Дописав последнюю строчку, Ники закрыл дневник, вернул его на прежнее место и, сладко зевнув, отправился на покой.

– Аликс, дорогая, а вот и я…

Великий князь Владимир Александрович, главнокомандующий войсками гвардии и Санкт-Петербургского военного округа, получивший от своего венценосного родственника санкцию на разгон демонстрации, выслушав доклад генерала Фуллона о приведении войск столичного гарнизона в боевую готовность, отдавал последние распоряжения.

– Государь император не намерен общаться с бунтовщиками и выслушивать их бредовые требования, подрывающие устои самодержавной власти и самого государства Российского. Он дал санкцию на принятие самых жестких мер к бунтовщикам. Поэтому мы должны продемонстрировать этим обнаглевшим забастовщикам твердость и силу. Надеюсь, вы понимаете, что я имею в виду?

– Толпу разогнать самым жесточайшим образом.

– Вот-вот! Зачинщиков арестовать! Или… Словом, действуйте по обстоятельствам. Готовы выполнять?

– Так точно, ваше высокопревосходительство! – козырнул, вытянувшись в струнку, генерал. – Будет исполнено в лучшем виде!

– Не сомневаюсь. И, пожалуйста, держите меня в курсе.

…В ночные улицы Петербурга медленно и неумолимо вливались темные волны людей в солдатских шинелях, полночную тишину нарушал мерный скрип снега под тысячами сапог да редкие, вполголоса, окрики командиров.

– Левой, левой, левой! Правое плечо вперед… Прямо… Стой! Раз, два! Оружие к но-ге! Слуу-шай приказ!..

К утру весь центр Петербурга ощетинился штыками трехлинейных винтовок. Улицы и проспекты перерезали плотные шеренги солдат, за спинами которых в темных переулках слышался дробный перестук лошадиных подков. Бряцала стременами и шашками гвардейская кавалерия.

А в глухомани суровой Тобольской земли в этот самый час пьяница, бабник и конокрад Гринька Распутин гнал в своей баньке за огородом самогон.

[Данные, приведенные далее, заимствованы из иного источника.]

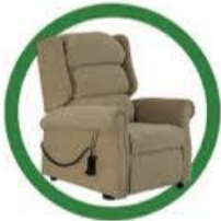
Rise & Recline Chairs

Он сидел у потемневшей от времени бревенчатой стены на длиннющей лавке, опершись локтями о грубо сколоченный стол, и, зажав кудлатую башку большими, похожими на рачьи клешни ручищами, вожделенно следил за тем, как капля за каплей мутноватая, едко пахучая жидкость, поблескивая в свете керосиновой лампы, медленно наполняет толстостенный стакан. Когда стакан заполнялся на треть, Гринька хватал его своей немытой ручищей и быстро опрокидывал в пасть. Делал он это с таким проворством, что очередная капля самогона падала точно в только что опустошенную и возвращенную на свое место склянку. Гриньку это чрезвычайно забавляло и радовало.

– Вот так! – каждый раз, крякнув, победно хряснув по столу кулаком, восклицал он.

Теперь можно было не торопясь закусить горячо разлившуюся по внутренностям жидкость. Он зацепил из деревянной лоханки своими заскорузлыми, с черными полосками грязи под ногтями пальцами добрую жменю квашеной капусты и, запрокинув голову, забросил в рот. С наслаждением зажмурил маленькие уже осоловевшие глазки, вытер ладонью просоленную от стекающих капелек рассола бороду. В глазах знакомо и приятно мутнело. Редкие мысли все больше путались.

«Эх, хороша, родимая!..»

Преданный Порт-Артур

До чего же прав был начальник Главного штаба генерал-адъютант Обручев! – сетовал премьер, выйдя из императорского кабинета после очередного траурного доклада о положении на фронте. – Вспомните, господа, ведь он еще за десять лет до начала этой треклятой войны предупреждал, что нам ни в коем случае нельзя ввязываться в войну с япошками.

«Необходимо иметь в виду, – говорил он, – что нам пришлось бы воевать за десять тысяч верст с культурной страной, имеющей сорок миллионов населения и весьма развитую промышленность.

Все предметы военного снаряжения Япония имеет у себя на месте, тогда как нам пришлось бы доставлять издалека каждое ружье, каждый патрон для наших войск».

Так нет же, вляпались!..


К началу августа, несмотря на отчаянное сопротивление русских войск, Порт-Артур был полностью окружен неистово рвущимися в город японцами. Оборону крепости затрудняли начавшиеся среди солдат массовые болезни, бесталанное руководство, порой предательство генералов и высших офицеров. С течением времени все большее число защитников крепости начинало понимать безнадежность своего положения в условиях полной изоляции от внешнего мира, от родины. Однако солдаты продолжали отважно сопротивляться натиску врага, не теряя ни самообладания, ни достоинства.